Dear MySQL users, MaxDB users and friends,
we have two news for you. The bad one: no MaxDB series posting this week. The good one: german language MaxDB web seminar tomorrow!
My last week has been dominated by preparing the upcoming MaxDB web seminar on MaxDB performance tuning. The web seminar will be held in german tomorrow Thursday, 21.04.2006 at 10 CEST (MEZ). You can still register for the seminar at http://www.mysql.de/news-and-events/web-seminars/maxdb-performance.php. Don’t expect too much from the 45-minute talk. In 45-minutes one can’t do much more than talk about the very basics and try to give you an overview on the topic. Due to the web seminar and other duties we did not make it to write the next MaxDB series posting on transactions.
We have more good news for you. My co-worker C.J. Collier is progressing well in his work to integrate MySQL as a source in the MaxDB Synchronization Manager. Scripts have been developed to create the so-called Shadow and Version tables. These tables contain the meta-data required by the Synch Service to push changes to other participants in the synchronization scenario. C.J. is currently developing the MySQL 5.x triggers which will be used to fill these tables.

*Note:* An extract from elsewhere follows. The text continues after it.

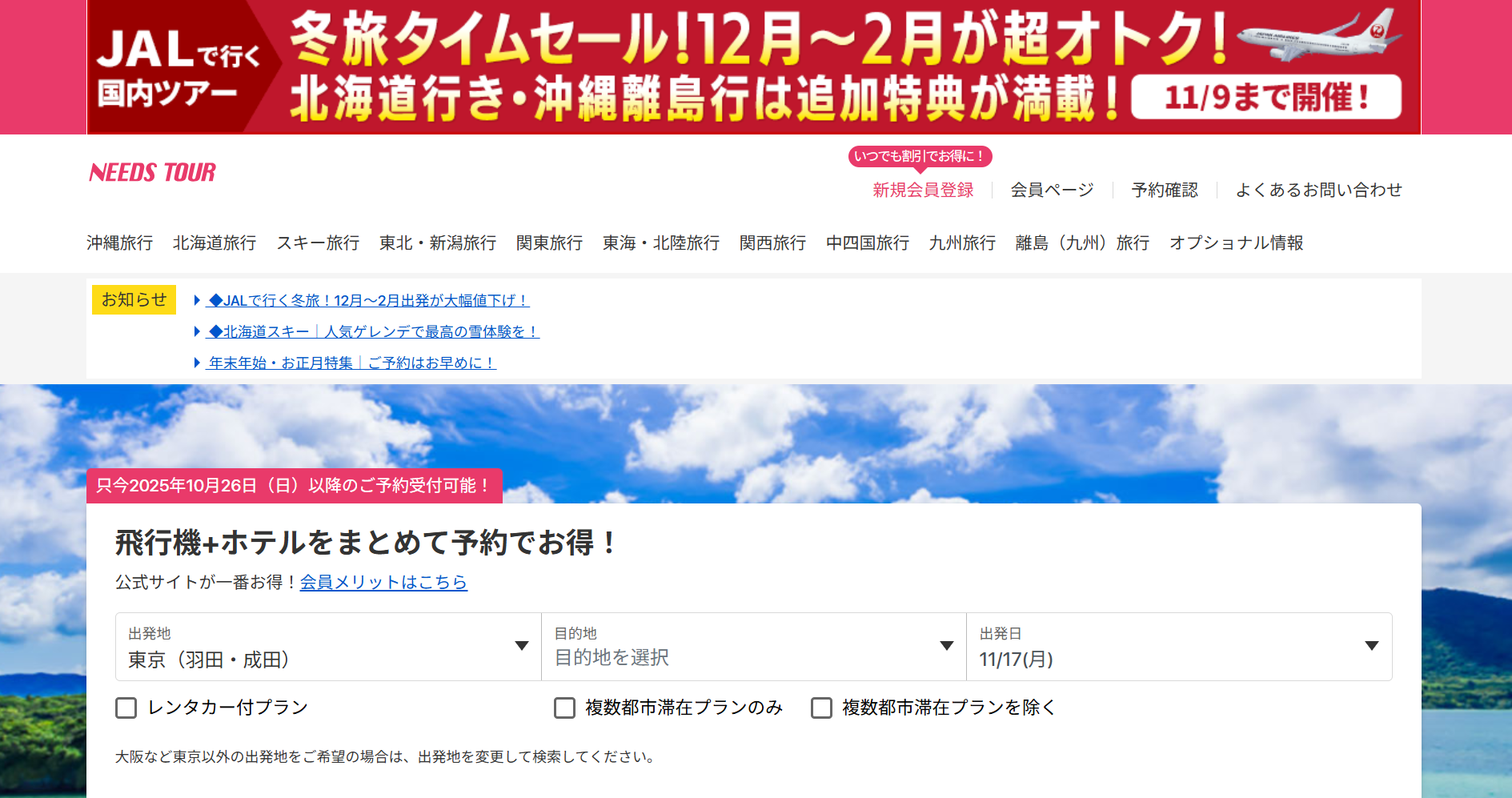 会員向けの限定情報や特集も充実。忙しい年末進行の合間でも、短時間で“納得の冬旅”が決まります。

No new MaxDB version is on the short-term horizon. But the Changelog of the next MaxDB 7.6 version might show some long-awaited changes, originally planned for MaxDB 7.7. MaxDB will implement data clustering features. Data clustering means that you can decide if all individual database pages of a table get striped over all configured volumes or if chunks of pages are striped. Striping of all pages is good if you have many concurrent high-qualified record accesses, because you are automatically striping the I/O load over all volumes and you are avoiding hot-spots. Grouping database pages in ordered chunks is an advantage if you have few concurrent sessions accessing the same data but you want to profit from sequential read performance and a better support of hardware-based prefetching. Having the freedom to choice on a per-table basis what kind of storage you prefer is a fantastic feature. Applications with few concurrent users and frequent scan operations should see notable performance improvements.